Component Overview

Deployment Architecture Overview

Deployment Overview: Relation between Worker and Master

mlbench consists of two components, the Master and the Worker Docker containers.

Master

The master contains the Dashboard, the main interface for the project. The dashboard allows you to start and run a distributed ML experiment and visualizes the progress and result of the experiment. It allows management of the mlbench nodes in the Kubernetes cluster and for most users constitutes the sole way they interact with the mlbench project.

It also contains a REST API that can be use instead of the Dashboard, as well as being used for receiving data from the Dashboard.

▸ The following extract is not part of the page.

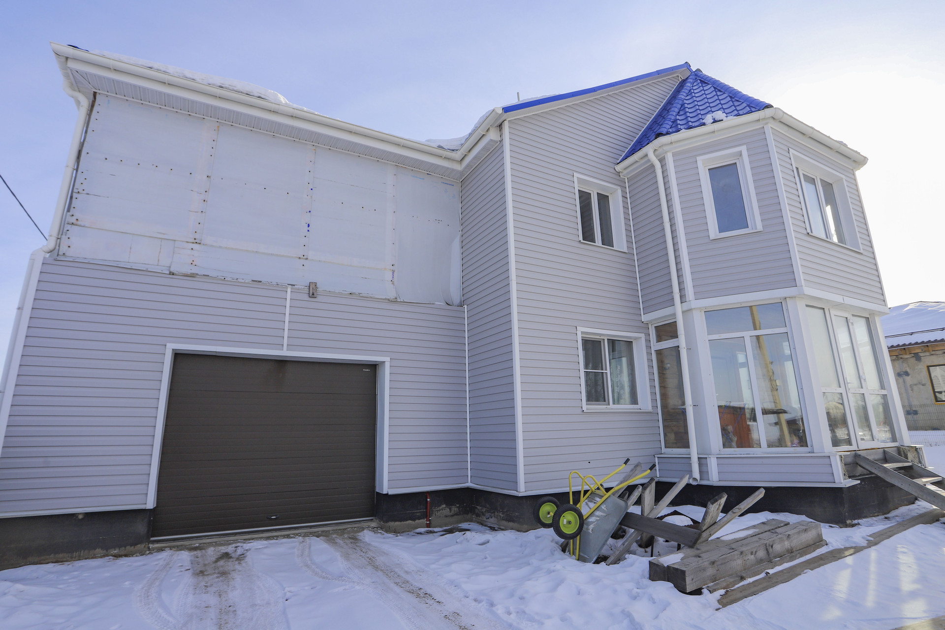 Окна 5-и камерные ВЕКА, двери, гаражные ворота с кнопки, балкон и крыльцо застеклены.

The Master also manages the StatefulSet of worker through the Kubernetes API.

Dashboard

MLBench comes with a dashboard to manage and monitor the cluster and jobs.

Main Page

Dashboard Main Page

Dashboard Main Page

The main view shows all MLBench worker nodes and their current status

Runs Page

Dashboard Runs Page

Dashboard Runs Page

The Runs page allows you to start a new experiment on the worker nodes. You can select how many workers to use, how many CPU Cores each worker can utilize and limit the network bandwidth available to workers.

Run Details Page

Dashboard Run Details Page

Dashboard Run Details Page

The Run Details page shows the progress and result of an experiment. You can track metrics like train loss and validation accuracy as well as see the stdout and stderr logs of all workers.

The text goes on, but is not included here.